The framework for this unusual state of matter was predicted by Prof Duncan Haldane, who shared the Nobel Prize in Physics for the development of the ‘topological phases of matter theory’ with David Thouless and Michael Kosterlitz in 2016.

Quasi one dimensional spin systems, such as fedotovite K2Cu3O (SO4)3, have an unusual magnetic behaviour at very low temperature, in which the ground state is a one-dimensional chain in a triplet configuration with S=1 spin.

The S=1 occurs because there are an even number of S=1/2 on the magnetic Cu2+ ions at the ends of spin chain, as predicted by Haldane.

“Quasi-one dimensional chains such as fedotovite do not have a single spin but a group of spins forming a cluster.

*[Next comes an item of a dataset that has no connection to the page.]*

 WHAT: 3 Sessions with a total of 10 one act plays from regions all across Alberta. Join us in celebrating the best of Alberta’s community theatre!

One cluster of atoms then weakly interacts with the neighbouring cluster of atoms,” said Mole.

Magnetic coupling occurs because of super exchange interactions between the spin clusters and small antiferromagnetic coupling within the cluster.

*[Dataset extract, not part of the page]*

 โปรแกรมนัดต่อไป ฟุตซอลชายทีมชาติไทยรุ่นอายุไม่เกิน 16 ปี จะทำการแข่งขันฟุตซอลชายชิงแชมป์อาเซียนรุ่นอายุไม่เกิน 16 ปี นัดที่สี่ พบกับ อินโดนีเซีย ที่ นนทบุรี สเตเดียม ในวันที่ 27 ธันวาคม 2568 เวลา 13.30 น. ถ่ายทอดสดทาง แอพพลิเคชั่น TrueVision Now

“That gapped behaviour is observable in the Pelican spectrum, which is highly sensitive to weak magnetic interactions,” said Mole. 

Haldane state
Crystal structure of K2Cu30(SO4)3

The fedotovite has a unique arrangement of magnetic ions and two-stage magnetic behaviour.

Inelastic neutron scattering on the Pelican time-of-flight spectrometer captured the spin gap at 1.5 K with a magnitude of 0.6. meV which closes at 4.0 K. The measurements were in agreement with theoretical predictions.

“We are talking about very small amounts of energy but the gap is real,” said Yu.

“The Haldane state will emerge whenever the number of tetrahedral in the spin cluster chain is even but not odd as predicted by our theoretical calculations in this paper,” said Yano.

The crystal structure of the mineral fedotovite was originally determined by Russian scientists in the 1990’s, however the current work utilised a newly developed synthetic method in the Fujiahala lab at Tokyo University of Science.

It allowed for large quantities of high purity sample to be made which was essential for the neutron scattering experiments.

The crystal structure was determined by X-ray diffraction at the Photon Factory, High Energy Accelerator Research Organization (KEK) in Japan.

Other experimental methods in addition to inelastic neutron scattering were used in the research included magnetic susceptibility, magnetisation, heat capacity and theoretical modelling.

Collaborators included scientist from Tokyo University of Science, the High Energy Accelerator Research Organisation, Tohoku University in Japan, the National Synchrotron Radiation Research Center in Taiwan, and ANSTO.

https://doi.org/10.1103/PhysRevLett.120.077201
 

 

 

 

Published: 27/02/2018